I do not run. I have never run. I never liked running. I didn't like it in gym. I don't even run for the parking meter.

But this day, this one day, wearing a 60-pound pack at almost 11,000 feet above sea level…I felt as if I were floating; and I trail ran for at least a mile before stopping to wait for Rick and Dick to catch up. Which is probably why I was quiet long enough for the deer, or elk, or whatever it was, to come relatively close to me.

Some kind of elk or deer in the Yosemite high country.

This kind of special moment, when we enter the world of nature and are accepted by it, is what makes people who've experienced it want to come back for more.

Since the return trip was more-or-less downhill, and we'd had a night to get used to the thin air, it passed more quickly.
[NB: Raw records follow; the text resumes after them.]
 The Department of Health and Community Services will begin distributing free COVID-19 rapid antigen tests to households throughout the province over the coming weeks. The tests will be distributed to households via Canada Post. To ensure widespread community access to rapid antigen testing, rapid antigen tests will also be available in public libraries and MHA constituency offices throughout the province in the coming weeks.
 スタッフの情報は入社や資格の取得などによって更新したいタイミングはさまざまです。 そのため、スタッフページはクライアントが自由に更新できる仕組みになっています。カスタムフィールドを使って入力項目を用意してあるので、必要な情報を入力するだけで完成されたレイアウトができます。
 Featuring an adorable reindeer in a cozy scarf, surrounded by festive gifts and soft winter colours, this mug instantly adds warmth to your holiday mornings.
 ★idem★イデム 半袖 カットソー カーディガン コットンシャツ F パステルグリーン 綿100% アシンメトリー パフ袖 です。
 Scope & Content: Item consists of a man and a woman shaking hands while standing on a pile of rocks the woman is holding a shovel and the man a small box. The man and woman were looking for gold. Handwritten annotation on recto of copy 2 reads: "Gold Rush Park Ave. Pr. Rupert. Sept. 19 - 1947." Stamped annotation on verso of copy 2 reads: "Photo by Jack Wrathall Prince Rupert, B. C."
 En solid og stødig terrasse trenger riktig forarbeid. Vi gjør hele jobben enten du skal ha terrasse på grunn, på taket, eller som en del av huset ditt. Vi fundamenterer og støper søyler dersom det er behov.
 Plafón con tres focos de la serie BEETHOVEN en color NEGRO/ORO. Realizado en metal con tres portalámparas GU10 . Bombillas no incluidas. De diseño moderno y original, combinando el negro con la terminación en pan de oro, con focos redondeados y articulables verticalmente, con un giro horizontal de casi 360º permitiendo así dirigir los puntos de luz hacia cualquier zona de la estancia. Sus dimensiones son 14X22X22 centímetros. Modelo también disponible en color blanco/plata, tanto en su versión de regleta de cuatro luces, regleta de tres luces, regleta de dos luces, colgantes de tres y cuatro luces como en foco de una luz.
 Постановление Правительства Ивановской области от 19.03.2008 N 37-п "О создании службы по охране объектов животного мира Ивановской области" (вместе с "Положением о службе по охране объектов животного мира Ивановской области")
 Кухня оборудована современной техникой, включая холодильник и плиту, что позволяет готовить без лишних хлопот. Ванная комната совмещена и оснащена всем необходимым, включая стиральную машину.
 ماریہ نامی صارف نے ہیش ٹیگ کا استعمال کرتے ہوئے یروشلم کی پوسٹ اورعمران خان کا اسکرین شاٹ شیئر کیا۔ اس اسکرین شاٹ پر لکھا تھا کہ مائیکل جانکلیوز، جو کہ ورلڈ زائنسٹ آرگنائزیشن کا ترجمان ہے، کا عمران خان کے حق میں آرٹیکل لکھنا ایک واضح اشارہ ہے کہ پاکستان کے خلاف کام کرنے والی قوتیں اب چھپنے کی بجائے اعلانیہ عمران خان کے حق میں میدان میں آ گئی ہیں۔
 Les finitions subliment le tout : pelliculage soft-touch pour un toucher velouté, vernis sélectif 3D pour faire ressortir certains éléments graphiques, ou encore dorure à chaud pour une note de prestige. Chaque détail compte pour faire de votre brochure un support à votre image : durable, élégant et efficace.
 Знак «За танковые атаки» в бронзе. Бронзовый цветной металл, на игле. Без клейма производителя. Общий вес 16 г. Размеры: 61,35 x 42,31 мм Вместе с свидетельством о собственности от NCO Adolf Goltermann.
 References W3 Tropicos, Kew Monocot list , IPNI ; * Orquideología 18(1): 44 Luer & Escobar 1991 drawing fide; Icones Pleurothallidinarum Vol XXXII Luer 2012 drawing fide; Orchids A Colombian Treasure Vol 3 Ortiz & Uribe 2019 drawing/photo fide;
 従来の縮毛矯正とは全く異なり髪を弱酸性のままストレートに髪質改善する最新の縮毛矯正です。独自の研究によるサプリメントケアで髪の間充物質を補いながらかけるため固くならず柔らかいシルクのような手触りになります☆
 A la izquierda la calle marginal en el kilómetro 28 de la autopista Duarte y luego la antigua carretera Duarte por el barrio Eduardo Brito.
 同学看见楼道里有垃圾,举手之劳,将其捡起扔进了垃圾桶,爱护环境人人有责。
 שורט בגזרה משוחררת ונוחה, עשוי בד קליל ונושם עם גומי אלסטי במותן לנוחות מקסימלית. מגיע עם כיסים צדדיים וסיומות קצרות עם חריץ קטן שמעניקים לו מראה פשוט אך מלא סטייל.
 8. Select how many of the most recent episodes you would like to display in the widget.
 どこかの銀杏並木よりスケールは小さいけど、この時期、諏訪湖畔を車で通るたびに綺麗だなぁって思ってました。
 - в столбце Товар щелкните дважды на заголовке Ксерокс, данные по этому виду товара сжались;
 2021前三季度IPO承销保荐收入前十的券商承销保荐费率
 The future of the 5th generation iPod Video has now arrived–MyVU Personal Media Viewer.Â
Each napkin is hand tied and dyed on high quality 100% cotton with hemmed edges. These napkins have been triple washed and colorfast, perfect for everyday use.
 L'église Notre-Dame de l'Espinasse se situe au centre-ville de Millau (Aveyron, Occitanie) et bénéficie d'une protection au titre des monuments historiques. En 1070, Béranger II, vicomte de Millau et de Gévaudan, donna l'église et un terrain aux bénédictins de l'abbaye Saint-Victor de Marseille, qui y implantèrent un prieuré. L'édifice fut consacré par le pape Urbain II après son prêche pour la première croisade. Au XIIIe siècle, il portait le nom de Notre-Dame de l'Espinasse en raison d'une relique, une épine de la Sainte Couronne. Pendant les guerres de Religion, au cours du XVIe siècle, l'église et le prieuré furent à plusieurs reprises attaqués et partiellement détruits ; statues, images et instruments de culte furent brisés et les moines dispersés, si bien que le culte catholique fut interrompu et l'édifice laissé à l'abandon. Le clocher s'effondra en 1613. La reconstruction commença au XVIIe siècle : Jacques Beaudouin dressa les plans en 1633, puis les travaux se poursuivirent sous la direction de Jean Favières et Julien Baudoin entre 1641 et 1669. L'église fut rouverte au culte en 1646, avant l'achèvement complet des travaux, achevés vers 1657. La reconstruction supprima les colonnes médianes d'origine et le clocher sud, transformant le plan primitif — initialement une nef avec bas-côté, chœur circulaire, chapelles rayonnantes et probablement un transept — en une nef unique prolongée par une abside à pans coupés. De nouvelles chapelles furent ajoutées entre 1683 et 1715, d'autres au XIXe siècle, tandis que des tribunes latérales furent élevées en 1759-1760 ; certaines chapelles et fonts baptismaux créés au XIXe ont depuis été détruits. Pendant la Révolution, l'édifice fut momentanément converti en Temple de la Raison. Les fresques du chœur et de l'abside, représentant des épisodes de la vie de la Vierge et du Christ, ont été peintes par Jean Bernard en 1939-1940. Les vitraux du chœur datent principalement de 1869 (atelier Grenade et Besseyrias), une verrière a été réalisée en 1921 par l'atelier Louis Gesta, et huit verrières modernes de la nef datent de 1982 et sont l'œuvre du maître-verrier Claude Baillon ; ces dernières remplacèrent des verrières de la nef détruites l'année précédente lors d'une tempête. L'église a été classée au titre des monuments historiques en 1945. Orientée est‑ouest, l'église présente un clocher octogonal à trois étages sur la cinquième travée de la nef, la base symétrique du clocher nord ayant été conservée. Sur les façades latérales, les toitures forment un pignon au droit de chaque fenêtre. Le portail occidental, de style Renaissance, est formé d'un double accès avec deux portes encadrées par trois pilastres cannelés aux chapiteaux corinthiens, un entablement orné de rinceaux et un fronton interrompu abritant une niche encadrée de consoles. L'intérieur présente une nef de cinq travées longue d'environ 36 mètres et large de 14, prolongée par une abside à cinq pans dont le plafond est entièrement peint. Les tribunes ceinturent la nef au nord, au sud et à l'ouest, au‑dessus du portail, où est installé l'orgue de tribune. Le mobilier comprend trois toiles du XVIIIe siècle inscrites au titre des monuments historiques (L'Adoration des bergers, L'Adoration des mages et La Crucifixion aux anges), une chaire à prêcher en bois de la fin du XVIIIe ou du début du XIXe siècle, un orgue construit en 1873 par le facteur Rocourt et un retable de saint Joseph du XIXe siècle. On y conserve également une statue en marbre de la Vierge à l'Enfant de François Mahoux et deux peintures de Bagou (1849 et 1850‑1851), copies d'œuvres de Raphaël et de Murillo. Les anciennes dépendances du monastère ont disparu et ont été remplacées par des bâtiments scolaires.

That we didn't know our exact location wasn't a problem; we had a compass and as long as we kept heading north we had to reach the road. But in fact, we soon recognized the lake at which we'd had lunch, and then, before long, we were back at the general store and Rick's car.

Rick, with his stuff and half of Dick's, was happy to see his car.

Dick was already much improved; by the time we got back to the Bay Area he was almost better, though he later said it took a couple of days before he was completely back to normal.

As for me, I was hooked: On the West, on high mountains, on Yosemite, on camping in these places. And I knew I would be back…though I would never have guessed at the time that it would be 14 years before my next visit.